After an inquiry that lasted nearly a year, investigating the impact of the various iterations of the CPRS as proposed by the government, the Fuel and Energy Committee has come to the conclusion that the Australian economy will suffer with no benefits to the environment, if the government pushes ahead with the CPRS.
As such, we have made the recommendation that the Senate not support the CPRS in its current form. We take the view that the CPRS will put even more pressure on our economy, it will damage our international trade competitiveness, it will cost jobs, it will put our future energy security at risk, and it will hurt regional Australia in particular.
We think that the government has mismanaged the process from the word go, which is evidenced by things like at five-minutes-to-midnight calling of an inquiry in the House of Representatives a new inquiry into the choice of an ETS only to cancel it a week later. And then of course we have had further announcements earlier this week.
The Committee is deeply concerned that the government was not able to demonstrate how, and by how much, the proposed CPRS would reduce global greenhouse gas emissions rather than merely how it would reduce domestic emissions. We think that the government has completely ignored the fact that at times it may well be better to increase emissions domestically in Australia, if that means an overall reduction in global emissions. And of course exporting jobs and emissions from Australia overseas is also not the way to achieve a beneficial environmental outcome.
With those few opening remarks, you have got there in front of you a pretty detailed report of more than 200 pages. We have made about eighteen recommendations on what we think should happen moving forward.
I ask Senator Fifield if he might want to add some comments having participated in the Inquiry, and then we’ll open it up to some questions.
SENATOR FIFIELD:
Thanks Mathias. Well obviously I fully endorse the Report and Mathias’ comments.
I think that the most significant finding of this inquiry is that there were no alternative approaches to reducing carbon emissions examined by the government; that there was no work undertaken to determine the employment impacts of the government’s CPRS; or the impacts of any other alternatives.
We just don’t know if there are better alternatives which could reduce carbon emissions by more and at a lower economic effect.
It is interesting that the Opposition has had to initiate in effect four inquiries into the government’s ETS; three Senate Inquiries, of which this is one, and also the work commissioned by Andrew Robb as the relevant Shadow Minister. As Mathias said, the government did have an abortive attempt to kick off its’ own inquiry but abandoned that because it was being too honest in the terms of reference, asking whether the ETS as proposed by the government was in fact the best scheme. So we were backed into instituting four inquiries because the government won’t initiate a serious inquiry.

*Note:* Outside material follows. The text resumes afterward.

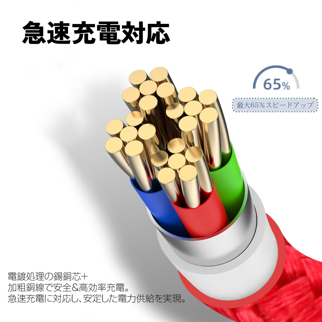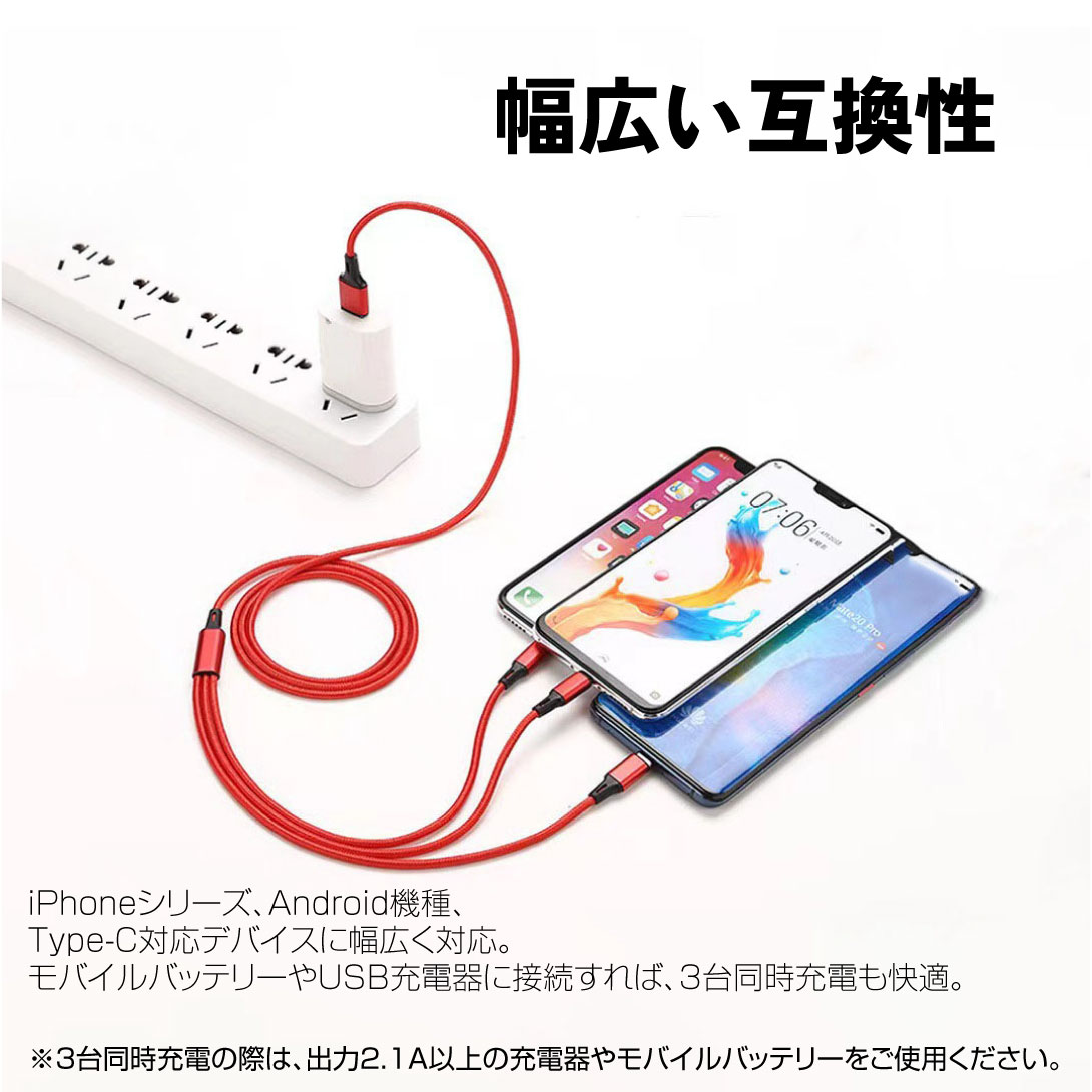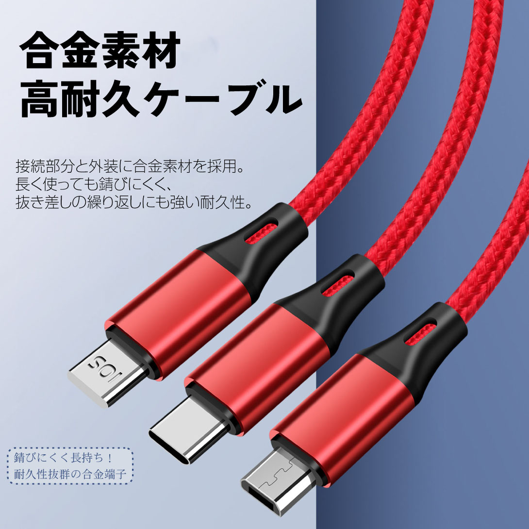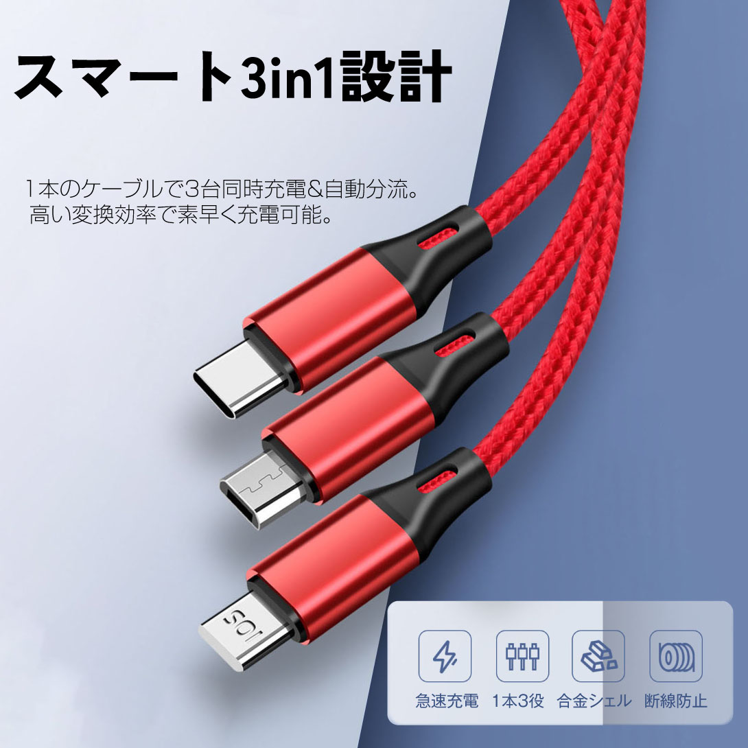 3in1 充電ケーブル 1個 1.2m 急速充電対応 Lightning MicroUSB Type-C iPhone Android 多機種対応 ナイロン編み

I also think it is interesting that the government previously were telling the Australian community that pestilence and catastrophe of Biblical proportions would in fact face the nation and the world if their ETS was delayed beyond 2010. The government was very keen for all of us to give the planet the benefit of the doubt, but it seems apparently, the planet is very understanding of the Rudd government’s political concerns in delaying an ETS. Now, obviously we think it was the right decision because it is important to get the ETS right, but it really belies the true motivation of the government previously in saying that under no circumstances could an ETS be delayed. It has been politics that have driven the government’s ETS at the beginning, and it is politics which is driving their delay of the ETS now.
SENATOR CORMANN:
Any questions.
JOURNALIST:
(inaudible) to a scheme that is not going to happen. This week they substantially changed the scheme, so what relevance does this report have now?
SENATOR CORMANN:
Well, we don’t actually agree that the government has substantially changed its approach. What they have said is that they would delay the scheme by a year, which is something that previously they have refused to even consider or contemplate, and they have made some changes at the edges.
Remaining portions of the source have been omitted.